GLAMA-winning singer/songwriter David Clement turned me on to Useful Music ( Artemis ) by Josh Joplin Group. Shawn Mullins produced a majority of the disc, with ex-Talking Head Jerry Harrison taking the helm for a couple of others. It's easy to see the appeal to Mullins-- Joplin writes well-crafted, hummable pop songs, as you can hear on "Matter," "Here I Am" and "Trailways" ( both of which reminded me of recent REM ) , "Superstar" ( with its spoken-word segment ) , the literary allusion of "Who's Afraid Of Thomas Wolfe," and the lovely ode "Phil Ochs."
Released in England in 2000, Tom McRae's eponymous debut disc ( db/Arista ) received an abundance of praise from the British press. He's getting a lot of attention stateside because he is currently on tour with The Waterboys. While McRae's disc is not as good as, say, Ike Reilly's , compared to some of the other albums in this column, McRae does more than hold his own. Memorable songs such as "You Cut Her Hair," "2nd Law," "Draw Down The Stars," "Hidden Camera Show," "Language Of Fools," "Untitled," and "Sao Paulo Rain," introduce listeners to a new talent worth watching and following throughout his career.
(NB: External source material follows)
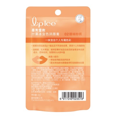 曼秀雷敦 什果冰变色润唇膏-02珊瑚粉橘2g (温感变色 妆感自然 温和滋润 )

I was not prepared for the turn that David ( pronounced da-veed ) Garza took on his second full-length major-label disc Overdub ( Lava/Atlantic ) . His 1998 debut disc This Euphoria was euphoric. Overdub is dark and eerie, with a rougher edge, right from the get go on the opening track "Drone." Repetitious, although not necessarily droning, the tune sets the tone for the rest of the disc. There are times when the album sounds like a comment on his music biz experience ( "Say Baby," "Bloodsuckers" ) , a spiritual quest ( "God's Hands," "Soul Custody," "Crown Of Thorns" ) or at times a combination of the two. I wish him luck in both cases.
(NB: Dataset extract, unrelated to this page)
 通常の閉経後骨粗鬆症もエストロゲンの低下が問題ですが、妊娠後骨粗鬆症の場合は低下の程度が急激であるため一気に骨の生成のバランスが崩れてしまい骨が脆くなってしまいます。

The major-labels aren't the only place you'll find emerging and promising male talent. Kenli Mattus's Blue Dot ( Residential Limbo ) is every bit as good as its major-label counterparts. In July, Mattus won a contest sponsored by Steve Madden shoes and Jive Records, so we may be hearing more from him on a big budget level. Standout tracks include "Blame The Alcohol," "Blur," "What You Really Want," and his reverent cover of Prince's "The Beautiful Ones."
The debut to avoid-- at all costs-- is by soap star Jacob Young. His self-titled disc on Artemis belies both his age and his meager talent. If he wasn't so beautiful, than I might worry about him. If his looks have gotten him this far, a failed singing career is a drop in the bucket, especially at 21.